Rossing (2015) considers artists, writers, performers, and other cultural workers as pedagogues with the potential to create alternative discourses. I believe this can also include fan writers, artists, and cultural commentators. Fans engage with their favourite texts in multiple ways. Booth (2015) positions fandom as “the classroom of the future” where fans critically engage with their favourite media texts outside institutionalised educational settings. Online fanfiction websites act as sites of pedagogy where participants develop multiple skills through their active participation in the community, re-reading of the source text, reading other fan texts, and interactions with each other (Black, 2009; DeLuca, 2018; Lammers, 2013). Fans use fan texts to negotiate cultural representations, seek information, and develop interpretations and judgements. Curwood (2013) situates their interpretations within the larger social, cultural, political, and historical contexts which they inhabit and respond to. There is no educator teaching fans what or how to think. Thus, fandom can act as an informal social learning space.

Online fan communities enable members to engage in collective intelligence, a concept popularised by Pierre Levy (Levy and Bononno, 1997; Levy, 2013). As Henry Jenkins (2006: p.4) describes it, “None of us can know everything; each of us knows something; and we can put the pieces together if we pool our resources and combine our skills”. Fans encounter new ideas and interpretations through collaborative meaning-making processes. When fans of popular culture texts use new media technologies to write and share their own media online, they exemplify participatory culture (Jenkins et al., 2009). Participatory culture envisions literacy as communal rather than individual. Fan spaces also bring fans in contact with diverse groups they otherwise wouldn’t have encountered. Negotiating diverse communities and differing perspectives is an essential component of collective intelligence (Jenkins et al., 2009).

But not everybody can take advantage of this potential. The participation gap refers to the social, cultural, geographical, political, and financial factors which restrict access to online participation (Jenkins et al., 2009). While online communities can provide opportunities for disempowered populations to make their voices heard, participation still requires certain kinds of privilege. People have unequal access to technology, information, skills, and opportunities. Consequently, the ability to make their perspectives heard is available to a relatively small number of the world’s population (Gounari, 2009). This restricts the diversity of ideas in online spaces and reinforces existing inequalities. Technology can empower but it is not inclusive to all segments of the population.
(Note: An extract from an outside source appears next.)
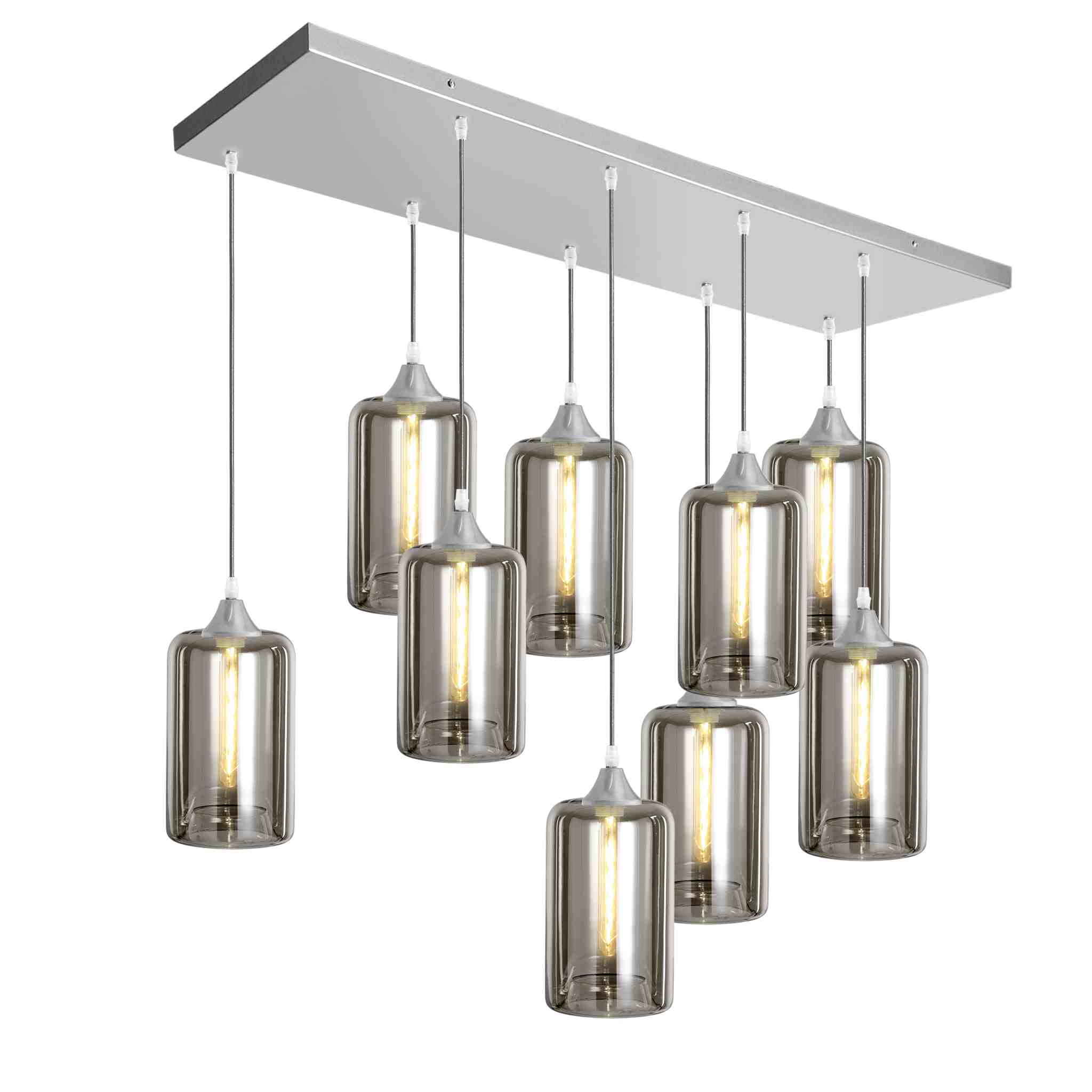 9 light pendant with silver braided cable complete with silver ceiling plate and lamp holder with choice of glass shade

I’ve grown up on the internet. I first began accessing it intermittently as a thirteen-year-old in a cyber-café in Mumbai and then more regularly when my mother got us a computer a few years later. I began using it to read news, theories, and fanfiction about the Harry Potter books – all of which hadn’t been released yet. Since then I’ve used it for a range of things – personal, social, professional, recreational, and political. Because I spend so much time on the internet, I’m well acquainted with the cesspool of vitriol it hosts. While this often fills me with despair, I’m still optimistic about the internet’s potential – mainly because of the significant role it’s played in my own life.

My favourite thing about the internet is the sheer amount of things it’s allowed me to learn [I’m a Ravenclaw through and through]. I’m a voracious reader of books and of the internet. My formal primary, secondary, and undergraduate education often left me under-stimulated. But the internet allowed me to fill in the gaps. I used it – and continue using it – to learn new things in different ways. The internet has allowed me to learn from people whose lives and perspectives don’t mirror my own – people from both dominant and marginalised groups – often within the context of fandom. For me, learning has always been a communal activity which requires inputs from others. With this project, I want to draw on my own experiences and explore the under-theorised public pedagogy potential of online spaces, specifically of fan podcasts.